3D Printing Reduces Dental Errors

The first metal additive manufacturing machine for dental applications in Australia will be installed by Renishaw, in partnership with an Australian dental laboratory.

Dental laboratory Proslab introduced a partially digital workflow, as it used 3D scanning and design tools to design dentures, even before working with Renishaw. Once designed in CAD, the dentures were printed in resin and manufactured in cobalt chrome using traditional lost-wax casting, a traditional method which can reduce part accuracy due to uncontrolled heating and cooling, varied cross-sections and incomplete casting or gas porosity.
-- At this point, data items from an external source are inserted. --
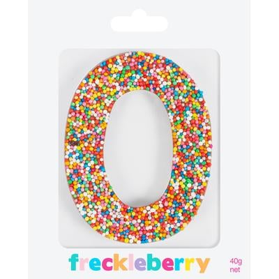 Belgian milk chocolate letter O covered with a rainbow of coloured sprinkles. Milk chocolate. Approx size: 10cm x 6cm. Weight 40g.
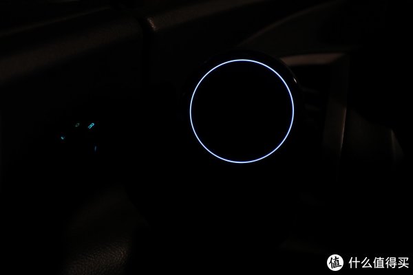 接上无线充电器,指示灯蓝色闪烁三次,无线充电面板上同样会亮起一圈蓝色灯,官方给出名称叫“迎宾灯”,名字好听,科技感也十足。同样也可以帮助车主在天黑的时候一眼找到无线车充。
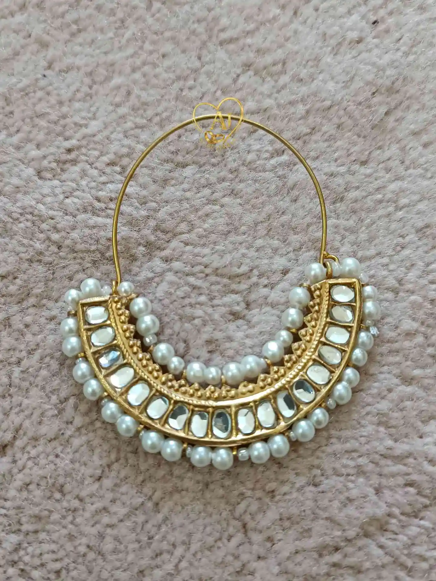Bring cultural elegance with the ALIRE JEWELS 24K Gold Plated Meenakari Kundan Chandbali Earrings. Featuring intricate meenakari enamel in multicolor tones, combined with kundan detailing, green beads, and pearl hangings, these chandbalis showcase the richness of heritage craftsmanship. Perfect for mehndi, barat, cultural events, and bridal wear, ALIRE JEWELS offers premium kundan jewelry with anti-tarnish finishing and timeless artistry.
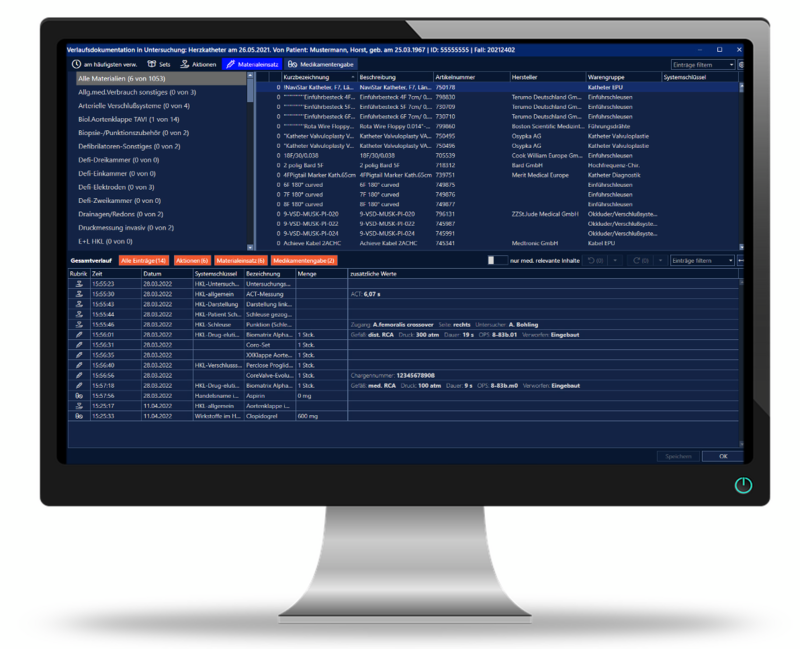 Alle dokumentierten Medikamente und Materialien können über das EL Management Studio untersuchungsübergreifend zurückverfolgt werden. Diverse Filter-Eingaben erleichtern die Suche und ermöglichen eine schnelle und präzise Datenabfrage. Dies unterstützt Sie dabei, jederzeit den Überblick über den Materialverbrauch zu behalten und die Bestände effizient zu verwalten.
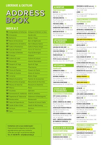 ADDRESS BOOK INDEX A-Z 114 Antiguidades & Velharias Antiques & Old bric-a-brac 114 Artesanato
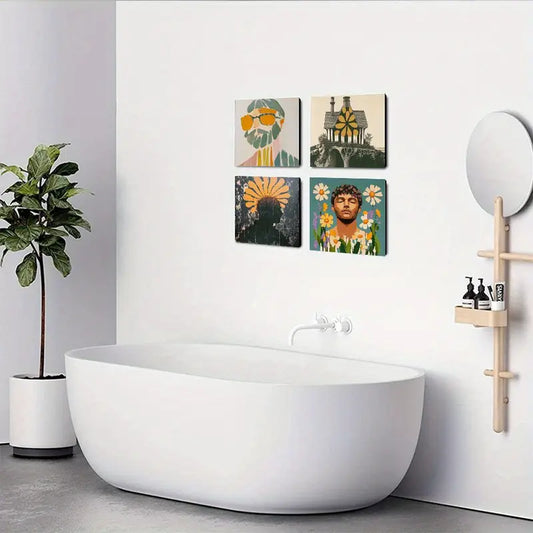 4pcs Retro Sunflower in Neutral Boho Style d Wall Art Canvas Framed
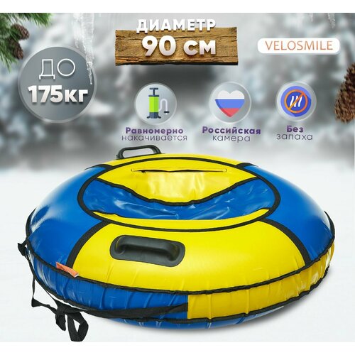 Ватрушка-Тюбинг VeloSmile "Зима-Лето" 90 см, 2 ручки, сине-желтый ПВХ (с молнией и российской камерой)
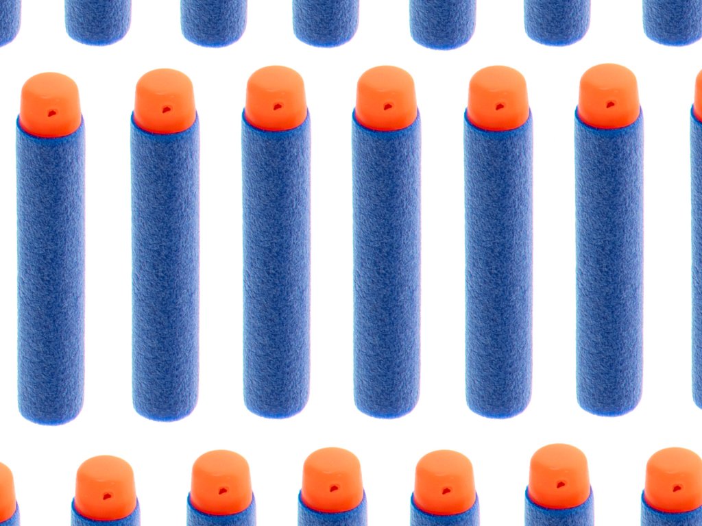 Munice je vyrobena z pěnového plastu. Každý projektil je zakončen plastovým prvkem.
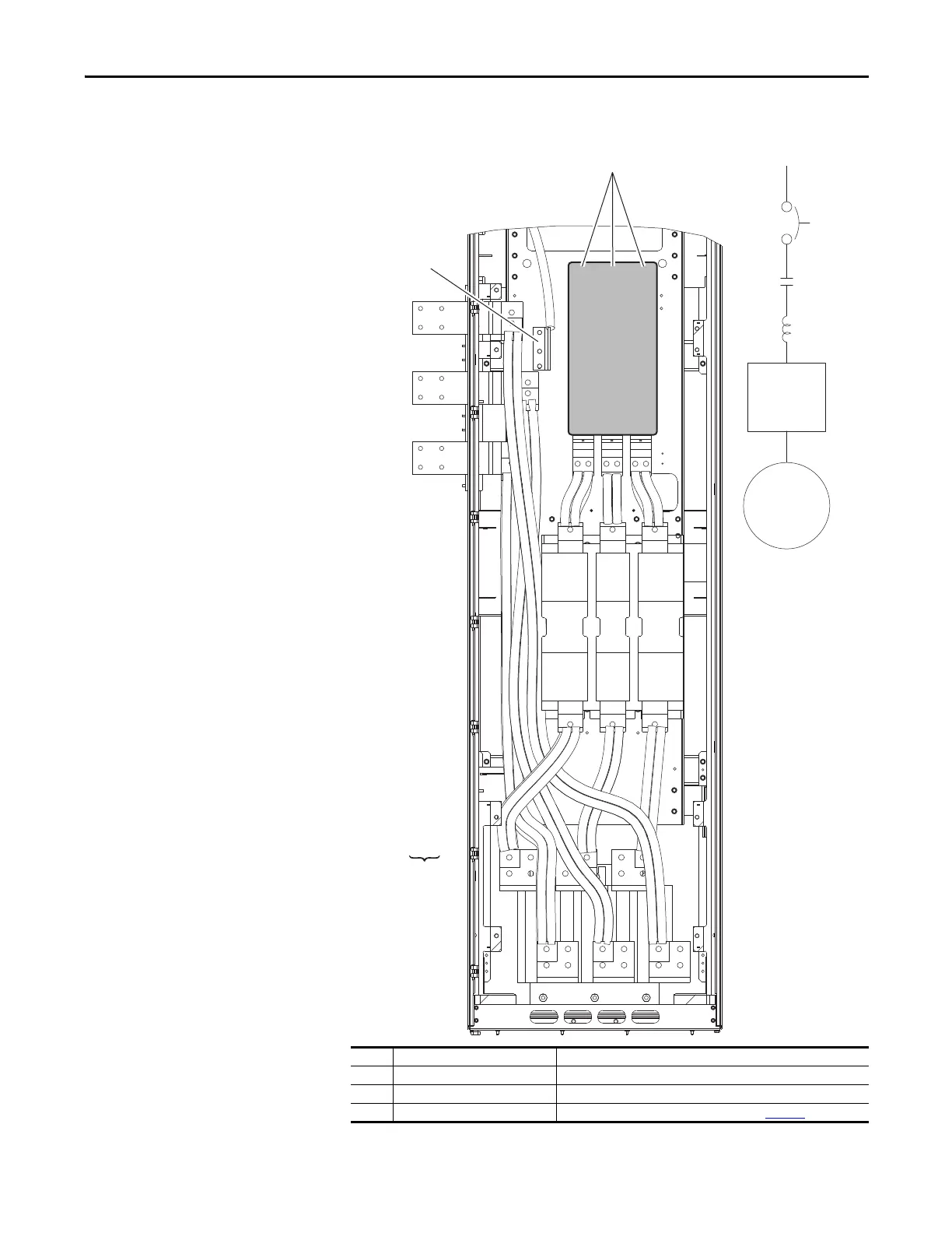 ➌ U/T1, V/T2, W/T3 Motor connection made at drive power bus. See page 156
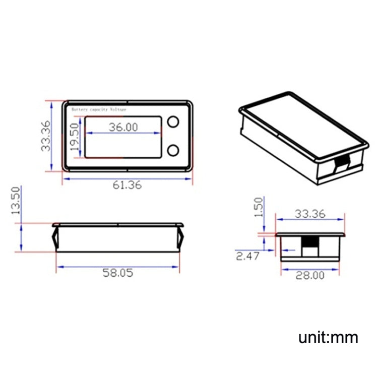 Waterproof LCD Two-wire Lead-acid Lithium Battery Digital Display Voltage Meter 8-72V (Blue)
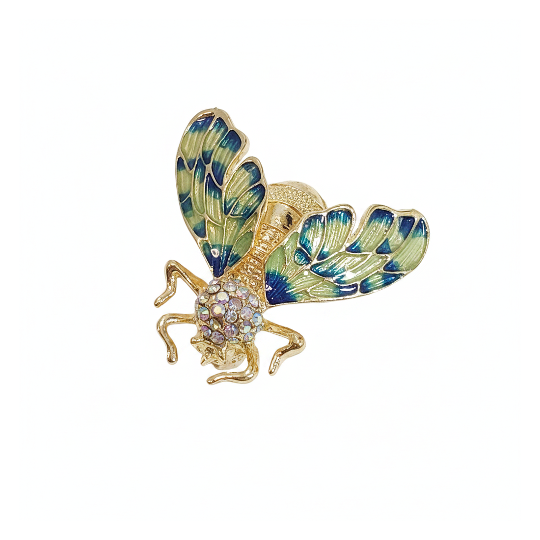 Objavte čaro tejto jedinečnej brošne v tvare hmyzu, ktorá zaujme precíznym spracovaním a bohatými detailmi. Jej zlaté telo zdobia trblietavé kryštály, zatiaľ čo krídla sú pokryté farebným smaltom v odtieňoch modrej a zelenej, vytvárajúc fascinujúci vzor. Tento elegantný šperk je ideálnym spôsobom, ako dodať nádych luxusu a originality každému outfitu, od každodenného po večerný. Pripnite si ju na obľúbenú bundu, šál alebo kabelku, aby ste zdôraznili svoj jedinečný štýl a pritiahli pozornosť. Glamour Brošňa Hmyz je nevyhnutnosťou pre milovníčky sofistikovaných doplnkov.

“Achieving a high level of accuracy with lost-wax casting is difficult. This means frameworks often need to be reworked after being sent to the dentist and fitted to a patient,” said Damian Synefias, CEO of Proslab.

In order to achieve better results, Proslab turned to Renishaw to fully digitalise its manufacturing process by using additive manufacturing (AM) and purchased Renishaw’s AM 400 metal AM system. The machine enables the production of removable partial dentures directly from a CAD file, eliminating the additional casting step. Frameworks are built in 40-micron layers of CE marked cobalt chrome powder and built by laser powder bed fusion (PBF), using an ytterbium fibre laser.

After the purchase Proslab has confirmed that since it started directly printing from a CAD file, it reduced the number of in-house remakes due to error by 100%.